- EXERCISE -
Would you please give the entries again word for word, with no images in your copy?

- AVAILABLE DATA -
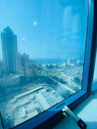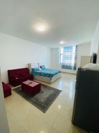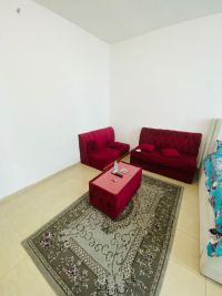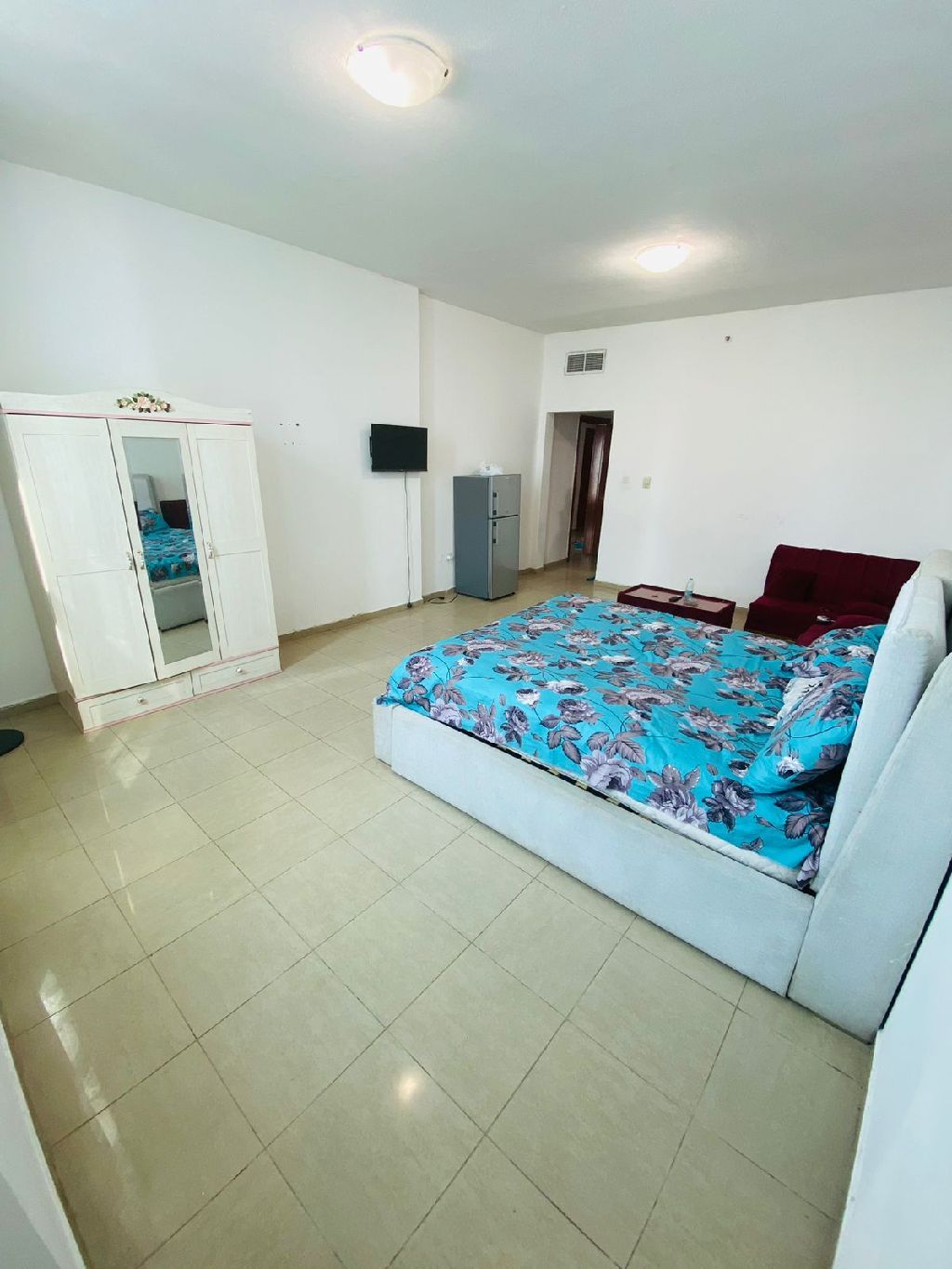 A spacious master bedroom with an ensuite bathroom, TV, and refrigerator, located on the Ajman Corniche, second row from the Corniche, with a sea view. Suitable for families, a couple, or one or two daughters. Price AED2200
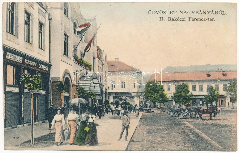 1913 Nagybánya, Baia Mare; II. Rákóczi Ferenc tér, Weintraub F. drogéria, üzletek, István király szálló magyar zászlókkal. W. L. Bp. 6034. 1912-14. Krizsanovszky Lőrinc kiadása / square, drug store, shops, hotel with Hungarian flags (r)
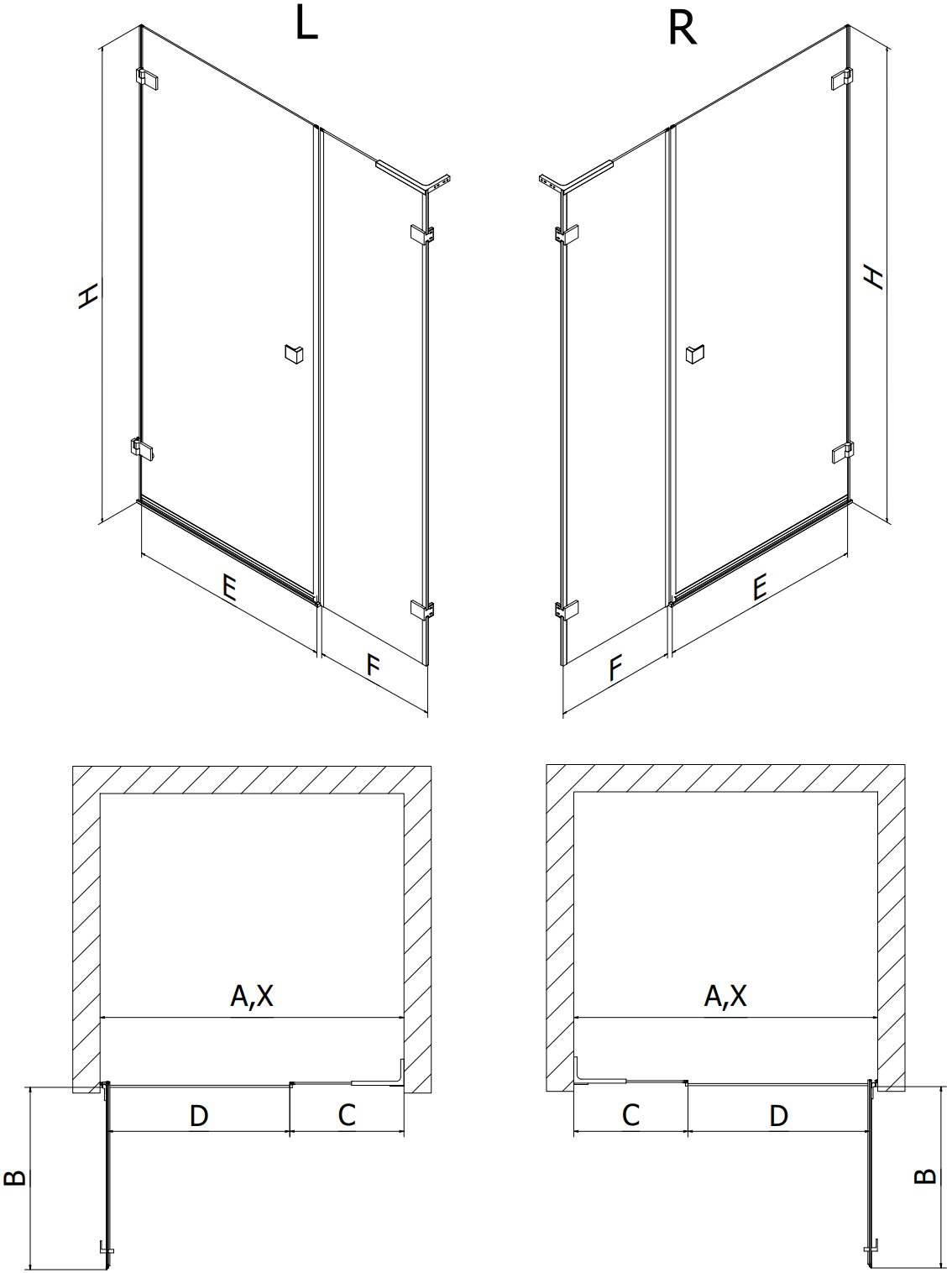 Tloušťka skla: dveře 6 mm, stěna 8 mm
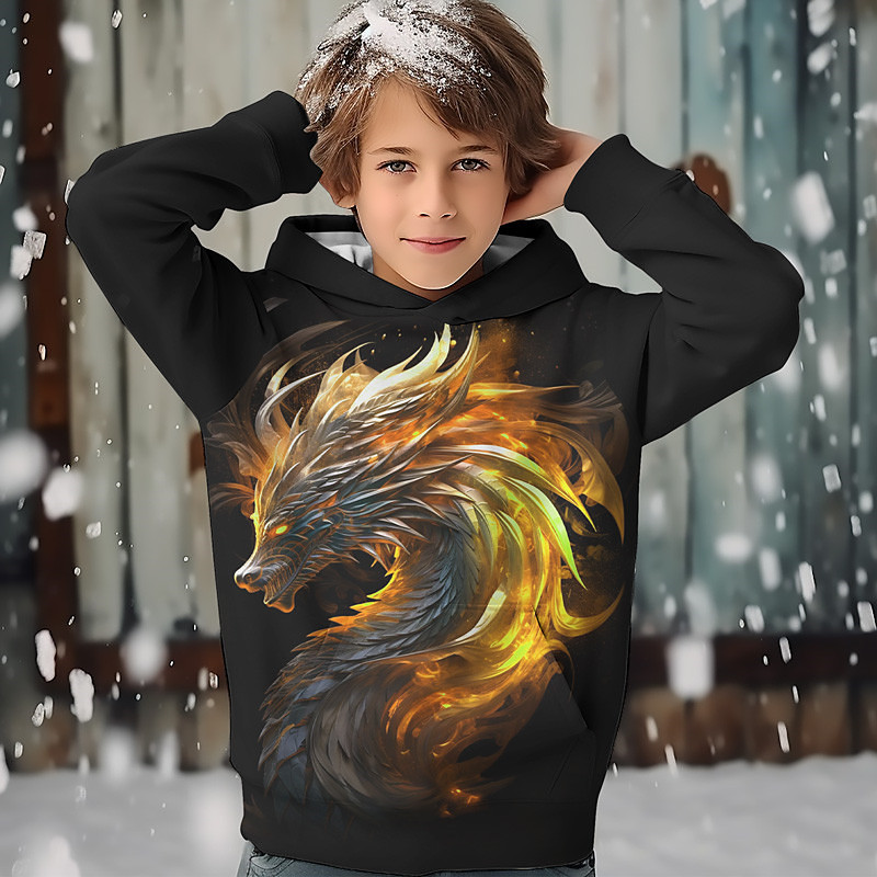 Boys' 3D Dragon Hoodie Long Sleeve Spring Fall Fashion Streetwear Kids 4-12 Years Hooded Outdoor Casual Daily Regular Fit
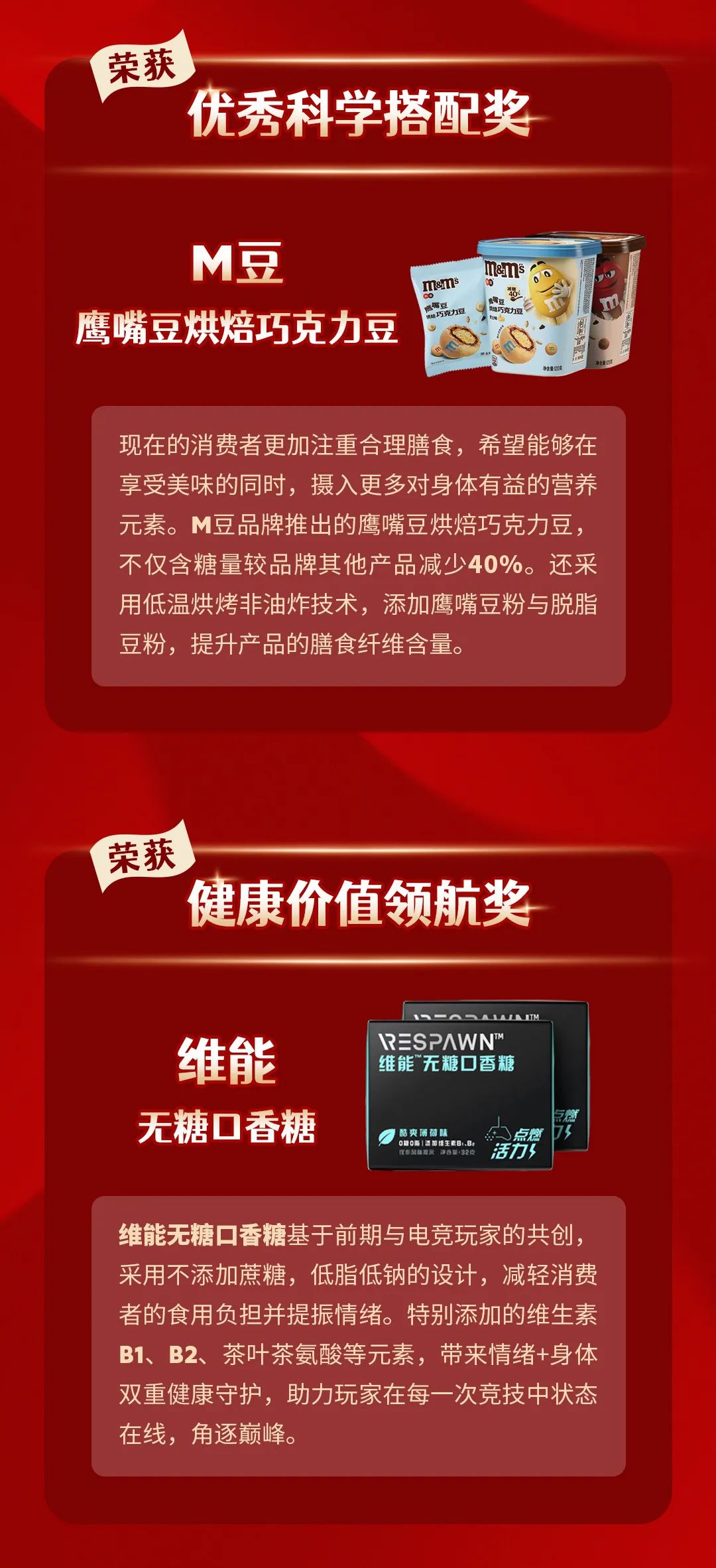 近日,玛氏旗下玛氏箭牌四款健康创新产品获得包括2023年“营养师心选健康好物”、 营养师心选健康好年货榜单和2023年尼尔森IQ BASES新品风尚标在内的多项行业大奖。

- RESULT -
 A spacious master bedroom with an ensuite bathroom, TV, and refrigerator, located on the Ajman Corniche, second row from the Corniche, with a sea view. Suitable for families, a couple, or one or two daughters. Price AED2200
 1913 Nagybánya, Baia Mare; II. Rákóczi Ferenc tér, Weintraub F. drogéria, üzletek, István király szálló magyar zászlókkal. W. L. Bp. 6034. 1912-14. Krizsanovszky Lőrinc kiadása / square, drug store, shops, hotel with Hungarian flags (r)
 Tloušťka skla: dveře 6 mm, stěna 8 mm
 Boys' 3D Dragon Hoodie Long Sleeve Spring Fall Fashion Streetwear Kids 4-12 Years Hooded Outdoor Casual Daily Regular Fit
 近日,玛氏旗下玛氏箭牌四款健康创新产品获得包括2023年“营养师心选健康好物”、 营养师心选健康好年货榜单和2023年尼尔森IQ BASES新品风尚标在内的多项行业大奖。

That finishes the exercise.